Date: Sun, 16 Oct 2016 06:21:41 +0300
From: "Michael S. Tsirkin" <mst@redhat.com>
To: Paolo Bonzini <pbonzini@redhat.com>
Cc: linux-kernel@vger.kernel.org, kvm@vger.kernel.org, rkrcmar@redhat.com,
        yang.zhang.wz@gmail.com, feng.wu@intel.com
Subject: Re: [PATCH 1/5] KVM: x86: avoid atomic operations on APICv vmentry
Message-ID: <20161016060320-mutt-send-email-mst@kernel.org>
References: <1476469291-5039-1-git-send-email-pbonzini@redhat.com>
 <1476469291-5039-2-git-send-email-pbonzini@redhat.com>
MIME-Version: 1.0
Content-Type: text/plain; charset=us-ascii
Content-Disposition: inline
In-Reply-To: <1476469291-5039-2-git-send-email-pbonzini@redhat.com>
Sender: linux-kernel-owner@vger.kernel.org
Content-Length: 2391
Lines: 73

On Fri, Oct 14, 2016 at 08:21:27PM +0200, Paolo Bonzini wrote:
> On some benchmarks (e.g. netperf with ioeventfd disabled), APICv
> posted interrupts turn out to be slower than interrupt injection via
> KVM_REQ_EVENT.
> 
> This patch optimizes a bit the IRR update, avoiding expensive atomic
> operations in the common case where PI.ON=0 at vmentry or the PIR vector
> is mostly zero.  This saves at least 20 cycles (1%) per vmexit, as
> measured by kvm-unit-tests' inl_from_qemu test (20 runs):
> 
>               | enable_apicv=1  |  enable_apicv=0
>               | mean     stdev  |  mean     stdev
>     ----------|-----------------|------------------
>     before    | 5826     32.65  |  5765     47.09
>     after     | 5809     43.42  |  5777     77.02
> 
> Of course, any change in the right column is just placebo effect. :)
> The savings are bigger if interrupts are frequent.
> 
> Signed-off-by: Paolo Bonzini <pbonzini@redhat.com>
> ---
>  arch/x86/kvm/lapic.c | 6 ++++--
>  arch/x86/kvm/vmx.c   | 9 ++++++++-
>  2 files changed, 12 insertions(+), 3 deletions(-)
> 
> diff --git a/arch/x86/kvm/lapic.c b/arch/x86/kvm/lapic.c
> index 23b99f305382..63a442aefc12 100644
> --- a/arch/x86/kvm/lapic.c
> +++ b/arch/x86/kvm/lapic.c
> @@ -342,9 +342,11 @@ void __kvm_apic_update_irr(u32 *pir, void *regs)
>  	u32 i, pir_val;
>  
>  	for (i = 0; i <= 7; i++) {
> -		pir_val = xchg(&pir[i], 0);
> -		if (pir_val)
> +		pir_val = READ_ONCE(pir[i]);
> +		if (pir_val) {
> +			pir_val = xchg(&pir[i], 0);
>  			*((u32 *)(regs + APIC_IRR + i * 0x10)) |= pir_val;
> +		}
>  	}
>  }
>  EXPORT_SYMBOL_GPL(__kvm_apic_update_irr);

gcc doesn't seem to unroll this loop and it's
probably worth unrolling it

The following seems to do the trick for me on upstream - I didn't
benchmark it though. Is there a kvm unit test for interrupts?

--->

kvm: unroll the loop in __kvm_apic_update_irr.

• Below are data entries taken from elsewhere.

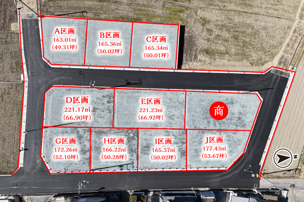 | J区画(644万円) | 177.43㎡ | 53.67坪 | 更地 |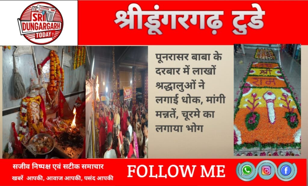 पूनरासर बाबा के दरबार में लाखों श्रद्धालुओं ने लगाई धोक,मांगी मन्नतें चूरमे का लगाया भोग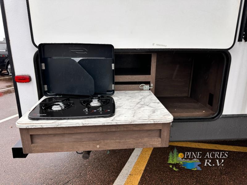This travel trailer is a haven for families and friends, comfortably sleeping up to 10 people. Whether you're planning a weekend getaway or an extended road trip, everyone will find their own cozy spot to unwind. The intelligently designed layout includes a private master bedroom, a bunkhouse for the kids, and convertible sleeping areas, ensuring that everyone has their own space. The well-equipped kitchen and spacious living area make meal preparation and relaxation a breeze, while the modern amenities provide all the conveniences you need for a memorable journey.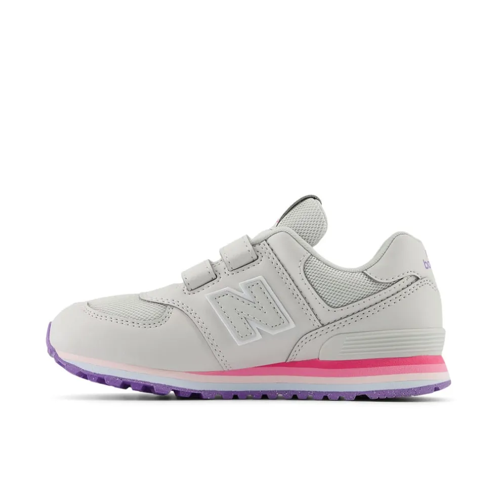 Junior New Balance 574 Trainers in grey matter / signal pink.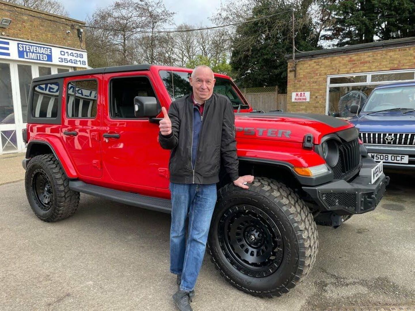 JEEPSTER front bumper with LED Inserts, Quilted Black Leather Interior with Heated Front Seats, 2 inch Lifted Suspension - Drives Beautifully, JEEPSTER Quad-pipe Sports Exhaust Black Chrome Finish, JEEPSTER Front Grille - with option to have original 7 slot grille, 20 inch Satin black alloy wheels with 35 inch M/T tyres, Trail rail management system pack - Wrangler, Pastel - Firecracker red, Parkview rear backup camera, Parksense rear park assist system, Android Auto, Apple car play, Cruise control, Tubular side steps, LED ambient lighting, Headlamp levelling, Premium LED headlamps, Daytime running lamp system, Round LED front fog lamps, LED tail lamp, Auto dimming rear view mirror, Isofix child seat preparation, Uconnect 8.4" with navigation, Climate control, Alpine premium audio system with subwoofer, 8 speakers, Deep tint sunscreen glass, Exterior temperature gauge, Instrument cluster with 7" colour TFT Display, Power Steering, Trip computer, Uconnect live - Europe, Vehicle information centre, Keyless go with 'push to start' button, Locking fuel filler cap, Premium security alarm, Active speed limit assist, Steering wheel mounted audio controls, USB port, 12V auxiliary power outlet in centre console, 12V auxiliary power outlet in rear, 2 way manual adjustable drivers lumbar support, 4 way manually adjustable passenger seat with height, reach,till and backrest, 6 way manually adjustable drivers seat, 60/40 split folding rear seat, Cargo compartment floor mat, Centre console storage, Front centre armrest, Front headrests, Illuminated front cupholders, Leather wrapped steering wheel with shift knob, Lockable glovebox, Rear compartment storage system, Rear headrests, Rear luggage cover, Reclining front seats, Storage nets, Storage trays, Sunvisors with illuminated vanity mirrors, Tilt adjustable steering column, Automatic headlights, Black door mirrors, Emergency response assistance system, Body coloured fender flares, Front fog lights, Headlamp off time delay, Power adjustable heated door mirrors, Power front windows with one touch, Rear fog lamps, Tow hooks, Windshield wipers with intermittent and variable, Full size spare wheel, 3x3 point rear seatbelts, ABS, Driver / front passenger multi stage airbags, Electronic stability control, Front side airbags, Hill descent control, Hill start assist, Traction control, Tyre pressure monitoring warning lamp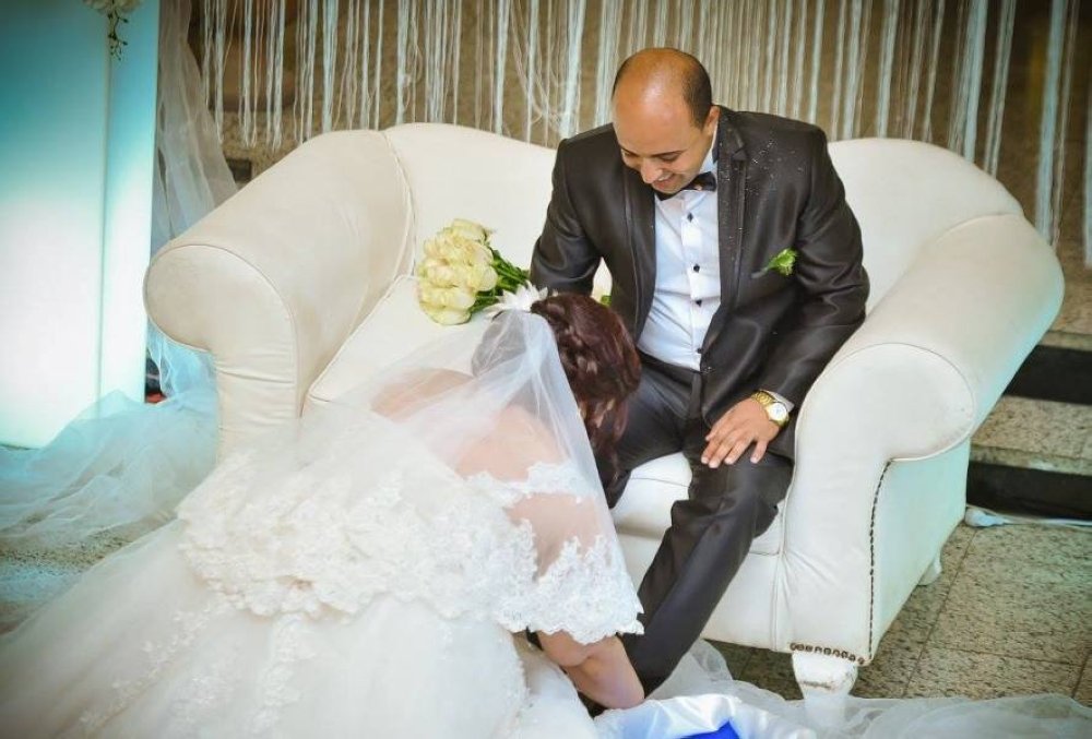 أقدمت العروس المصرية مارينا على غسل قدمي زوجها، وهي بثوب الزفاف، في صورة، أثارت ردود فعل كبيرة على شبكات التواصل الاجتماعي، بين مؤيد ومعارض.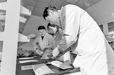 中国农业大学肇东实验站的科研人员在实验室忙碌。新华社发
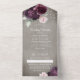 Cette invitation de mariage rustique gris présente une riche violette foncée et des roses roses rousses sur l'arrière - plan en bois gris avec des lampes à cordes brillantes. Parfait pour un mariage rustique. Toutes dans une seule invitation comprennent les infos du mariage et la carte postale RSVP que vos invités et envoyer. Profitez-en !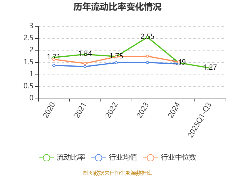 2025年前三季度,公司流动比率为1.27,速动比率为0.94。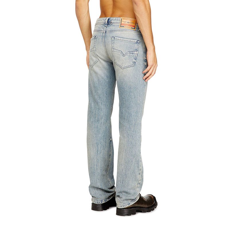 Expertly treated for a worn-in aesthetic that's integral to Diesel's DNA, this light blue wash combines multiple artisanal techniques. Manually sanded whiskers and dirt effects lend depth, while binding and brushwork create artistic streaks along the leg that are unique to each piece. Made from comfort denim with a percentage of recycled cotton.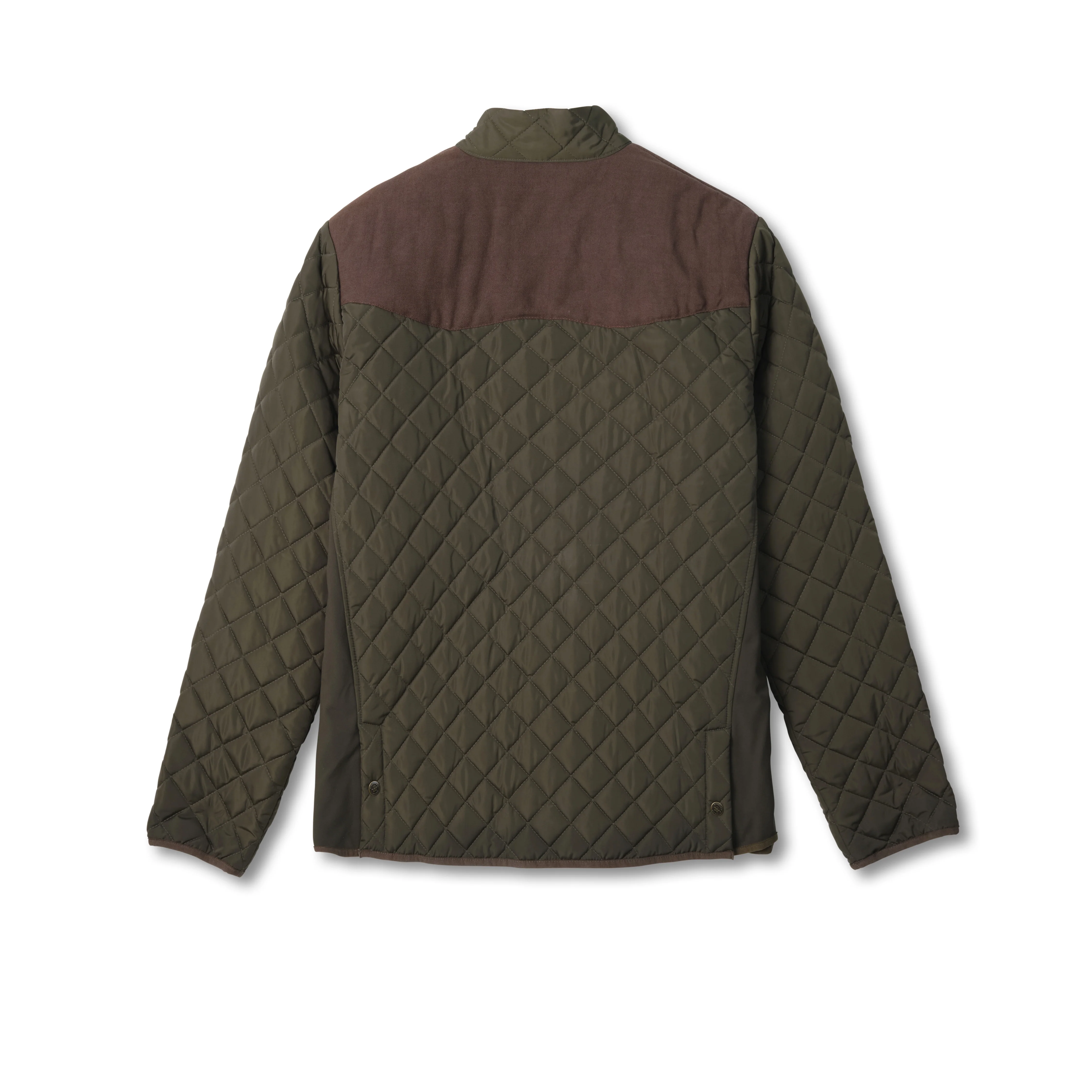 Purpose-built for the uplands, this jacket pairs lightweight warmth with the freedom to move through cover or mount your shotgun without restriction. The shell combines water-repellent quilted nylon with durable waxed canvas pocket overlays, giving it both sporting function and refined field style. Stretch side panels add ease for active pursuits, while snap-closure hem vents at the back open for even greater mobility. The stand collar helps block wind, and a softfill insulation keeps the chill at bay without adding unnecessary weight. Finished with brass-finish snaps, a ladder hook at the neck, and a discreetly embroidered Running W on the hand pocket, it’s a polished yet practical layer for crisp mornings in the field or cool evenings around camp.
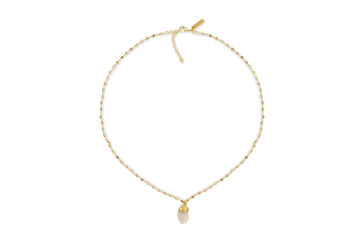 This elegant necklace introduces rose quartz to our jewellery collection. A rough-cut rose quartz stone takes centre stage, suspended from a fine gold-coloured chain that adds a delicate contrast to the natural form of the pendant. The soft, blush tone brings warmth and subtle colour to any outfit. Beautifully presented in a linen pouch, it-s a refined piece with everyday appeal.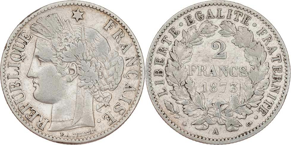 2 Frank 1873 A, Paříž, KM.817.1, 9.883g, nep.hr., nep.rysky, patina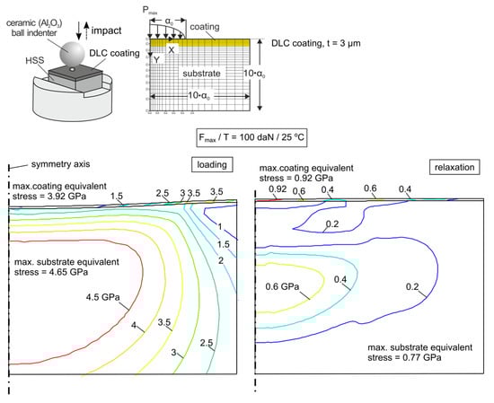 FEM supported calculation of the developed maximum and remaining stress fields in the coating and its substrate during the impact test loading and relaxation phases.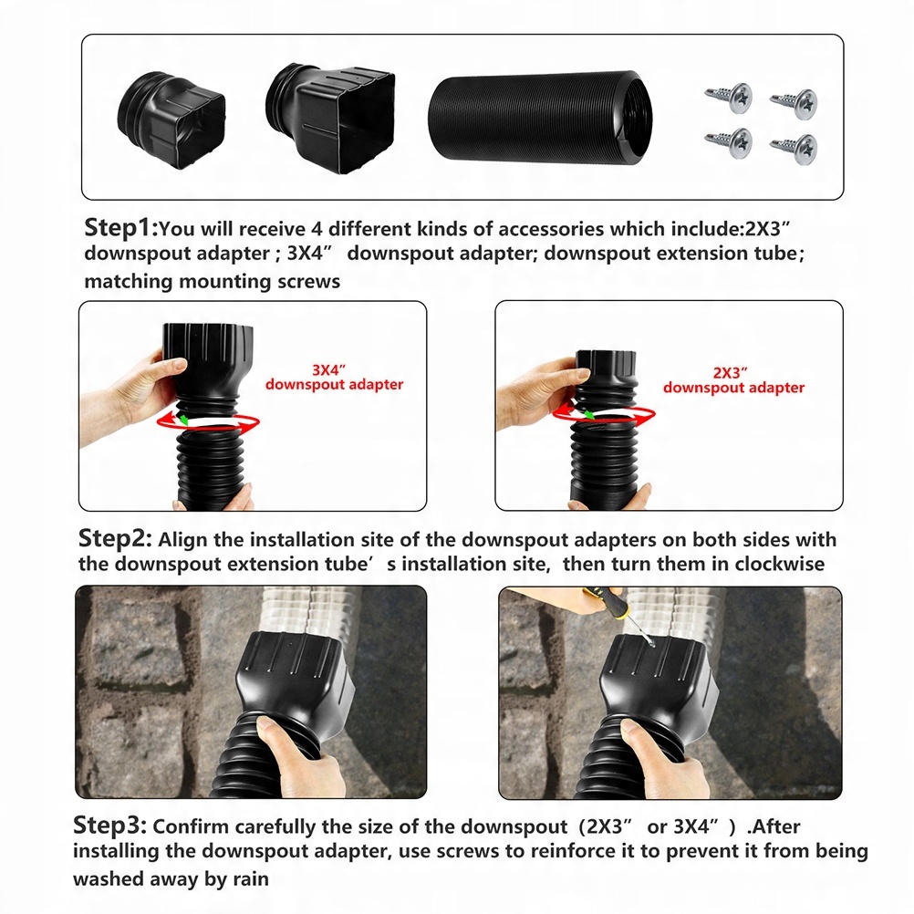 Удлинительная труба водосточной трубы гибкая, но прочная и долговечная, имеет гибкую конструкцию и прочную конструкцию, что обеспечивает стабильное время использования. Это удлинение водосточной трубы можно удлинить и согнуть по вашему желанию, что позволит закопать его в землю и создать сложный фундамент.
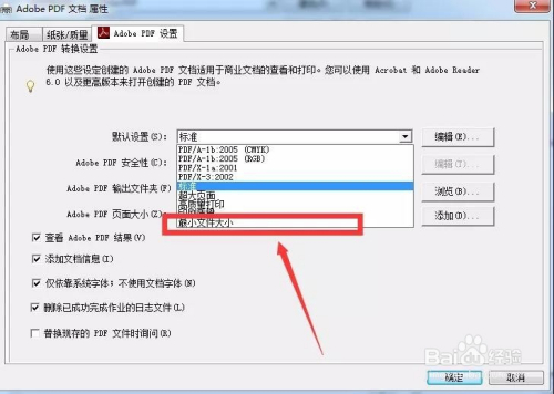 1、 若是你手头有Adobe的话,可以直接在Adobe中打开PDF文档,随后单击文件——打印——打印机名称——选Adobe PDF——点属性——Adobe PDF设置——默认设置——选最小文件大小——确定”即可压缩PDF文档大小。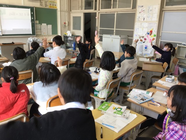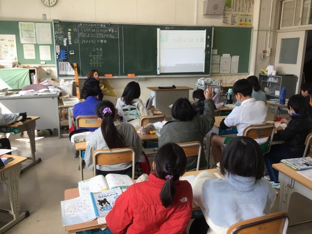 3けた×2けたのひっ算の学習です。繰り上がりの数をどうすればよいかを考えていました。授業の最後には、学習のまとめをノートに書いています。

This is hot data path in interrupt-rich workloads, worth unrolling.

Signed-off-by: Michael S. Tsirkin <mst@redhat.com>


diff --git a/arch/x86/kvm/lapic.c b/arch/x86/kvm/lapic.c
index b62c852..0c3462c 100644
--- a/arch/x86/kvm/lapic.c
+++ b/arch/x86/kvm/lapic.c
@@ -337,7 +337,8 @@ static u8 count_vectors(void *bitmap)
 	return count;
 }
 
-void __kvm_apic_update_irr(u32 *pir, void *regs)
+void __attribute__((optimize("unroll-loops")))
+__kvm_apic_update_irr(u32 *pir, void *regs)
 {
 	u32 i, pir_val;